Chapter 78: Linda Booth & Jacqueline Howarth
Bradlow, evening: Tuesday, October 21st
From the moment she’d walked into their flat Linda knew her cousin and her partner were, in Gran’s words, “tiptoeing around her”, exchanging anxious glances. She waited for them to speak while she studied the plaques and cases of medals hung on the wall.
‘You managed to find room for them all then?’ She smiled at Nicki.
The tall woman rolled her eyes. ‘Just about. From the minute she moved in here she mithered me until I nailed the last hook in.’ She had her arm slung affectionately over Jackie’s shoulder as they sat together on the settee.
They made an odd couple, Linda thought; her cousin, plump with black curly hair, and her girlfriend, almost skeletally thin, with a mass of ginger hair and the most amazing green eyes. Chalk and cheese they might be, she corrected herself, but their love for one another was evident.
She wondered how her uncle and aunt were dealing with the news that these two were a couple. All she’d heard, and that was from her dad, was that there’d been a commotion after Jack had told Patrick in the pub last week. Linda gave an inward smile at the picture her thoughts had conjured up, of Ted scratching his head and saying he was flummoxed that they didn’t already know.
There was a clump of footsteps on the stairs outside the flat, the low murmur of voices as people passed.
Nicki lit two cigarettes, passing one over to Jackie. The exchanges of looks, the silent mouthing of words were enough for Linda. She took another sip of the lager they’d poured for her. ‘Right,’ she said, ‘I know there’s something going on. There’s something you’re dying to tell me so spit it out, one of you at least.’
Jackie extricated herself from Nicki’s arm and moved to sit on the buffet next to Linda.
‘It’s about Vicky.’
‘Oh?’ Well, that was unexpected; Linda felt the tension ease in her jaw. ‘Has she been found? A moment of anxiety. ‘Is she okay?’
‘No, and yes as far as anyone knows,’ Jackie said. ‘It’s not that.’ She picked imaginary bits of fluff off her jeans. ‘Uncle Peter’s got it into his head that she’s here in Ashford.’ She cleared her throat. ‘In particular, in the old mill. In the Granville. And he wants me to go with him to look for her in the morning.’
The muscles clenched in Linda’s throat. She put her drink carefully down on the glass-topped table in front of her. ‘Why there?’ She cursed the quiver in her voice, hating the evident sign of her fear.
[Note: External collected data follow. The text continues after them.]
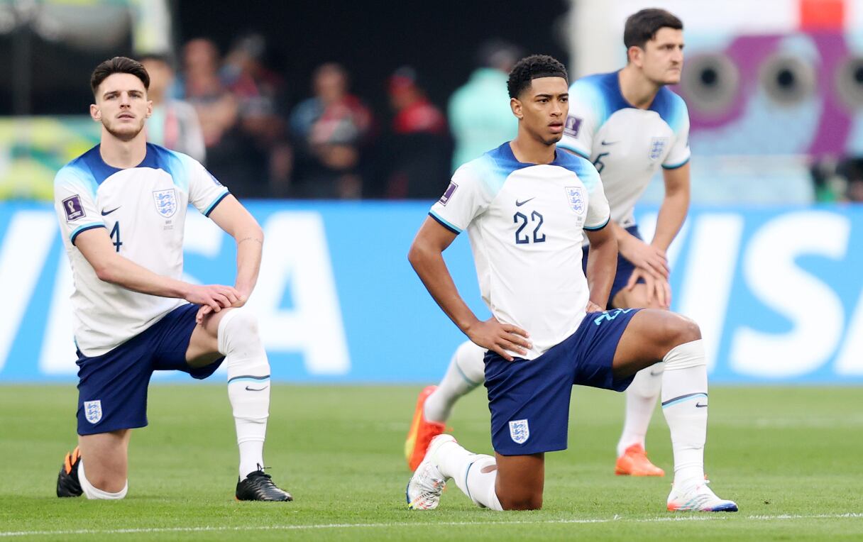 Mientras los jugadores de Irán mostraron su rechazo al régimen de su país, los ingleses se arrodillaron previo al inicio del partido. Guiados por su estrella Harry Kane, los seleccionados se hincaron, además, portaron en el brazo un brazalete con un mensaje en contra de la discriminación. Ya habían advertido que se arrodillarán en cada juego como gesto contra el racismo.
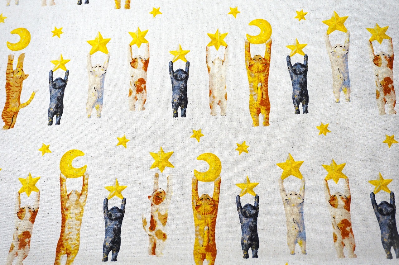 星や月を背伸びしながらガシっとキャッチしているネコちゃん達の姿がとても可愛い柄で、バッグに使用すると大人可愛いバッグになりました。
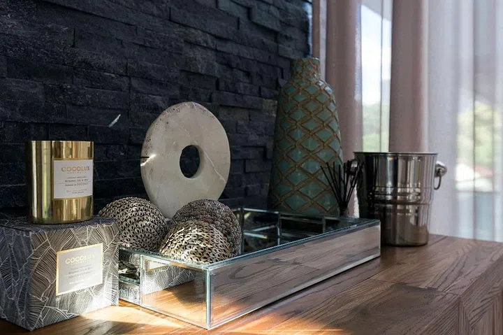 Vignettes (the grouping of a curated selection of products) such as this one showcase the homeowners personality and knick knacks.
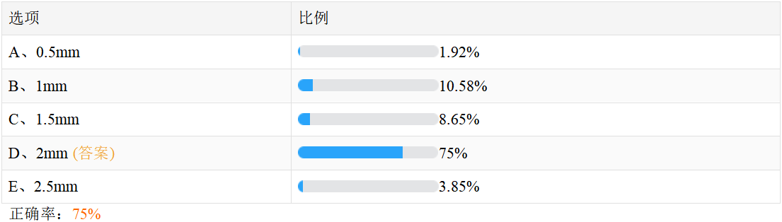 關(guān)于“可摘局部義齒塑料基托的厚度一般為?”,相信很多正在備戰(zhàn)2023年口腔執(zhí)業(yè)醫(yī)師考試的考生十分關(guān)注,此題在摸底測(cè)試50題(點(diǎn)擊參加測(cè)試>>)中正確率僅為75%,建議大家及時(shí)復(fù)習(xí),牢固掌握相關(guān)知識(shí)點(diǎn)!
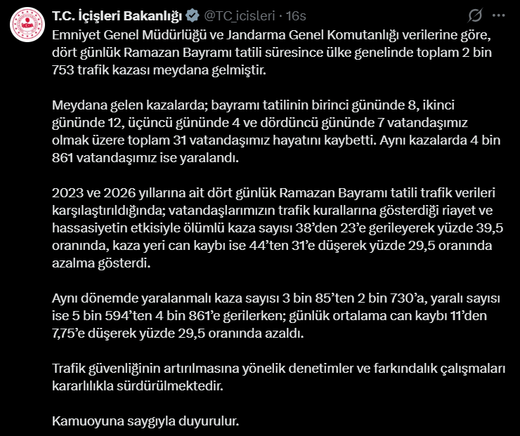 İçişleri Bakanlığı, Ramazan Bayramı tatiline ilişkin trafik verilerini kamuoyuyla paylaştı. Açıklanan resmi rakamlara göre, dört günlük bayram süresince Türkiye genelinde toplam 2 bin 753 trafik kazası meydana geldi. Bu kazalarda 31 kişi hayatını kaybederken, 4 bin 861 kişi de yaralandı.
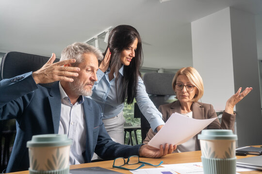 A man and woman in business suits stand back to back with their arms crossed, looking confused.
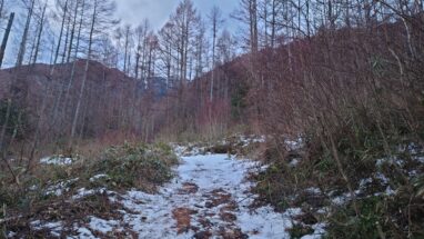 最初は緩やかな登りの林道からスタート。ここ最近の暖かさで雪は解けていました。
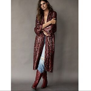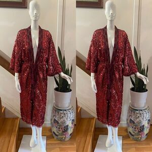 Dressed up or dressed down, shine bright in this gorgeous sequin embellished duster featuring floral trim embroidery and a tassel-accented waist tie.
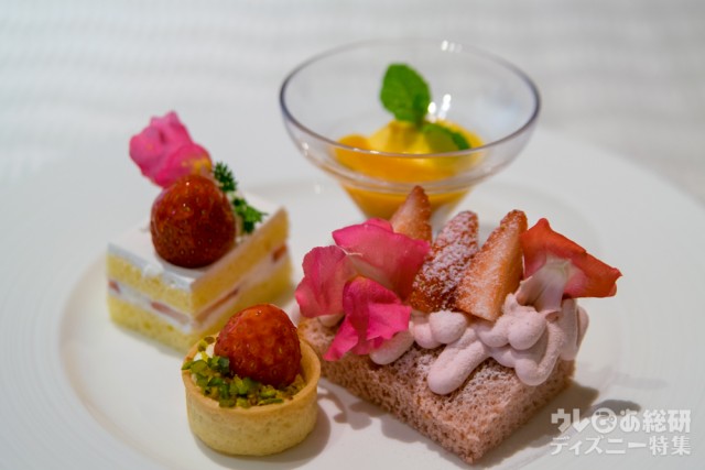 花びらで飾られ、春らしい彩りたっぷりのデザートたちです。

‘Some hippie types moved in a few months ago,’ Jackie said. ‘With all the news being full of the hassle between police forces and squatters, he thinks there’s a chance she’s there. Although I’ve told him we’ve already looked all over the Granville.’
‘Does Auntie Mary think the same?’
‘She doesn’t know about it. She wasn’t in when he saw some news programme on it. And then when Uncle Ted told him about the commune at the Granville…’
‘Uncle Peter put two and two together?’
‘Yep. And made five.’ Jackie moved her shoulders again in a dismissive action. ‘I think he’s clutching at straws.’
Nicki ground her cigarette out in the ashtray on her lap. ‘But let’s face it, in the last few days they’ve been all over Manchester looking for her and putting up those notices with no luck. I suppose he thinks it worth a try.’
They both spoke with such nonchalance but Linda wasn’t fooled. They were watching for her reaction. She sat as still as she could, even though the pulse in her temple was pounding and her heart was keeping time with the short breaths she took in through her nose. She closed her eyes, opened them instantly as the memory of darkness closed in on her.
‘I need some fresh air.’ She bolted for the balcony doors and pulled at them. They were locked. She scrabbled at the key.
‘Here, let me.’ Nicki’s calm voice broke through Linda’s anxiety.
‘Thanks.’ Linda let the woman reach past her to turn the Yale. Once outside she grabbed the iron rail surrounding the small balcony, comforted by the sturdiness of the metal beneath her hands and breathing in the coolness of the evening.
‘I’m sorry, Lin.’ Jackie stood alongside her. ‘I thought you should know.’ She clasped Linda’s hand, nodding towards some fields just visible over the tops of the houses opposite. A bank of thin cloud blurred the misty lines of the pink and lemon sunset. ‘Remember the hours we spent up there?’
Linda managed a tremulous smile. ‘You mean the hours you spent running round them?’ She nudged Jackie. ‘And insisting I time you on my watch.’
‘Which you never did, because you always had your head in a book.’
Their shared low laughter faded.
‘It’ll all be all right, you know,’ Jackie said.
‘Perhaps.’ Linda couldn’t check the ripple of fear that puckered the skin on her arms again. Neither could she block out the knowledge that there was so much that her cousin didn’t know. ‘But I’ll be coming with you.’ She held her hand up as Jackie opened her mouth to protest. ‘No argument.’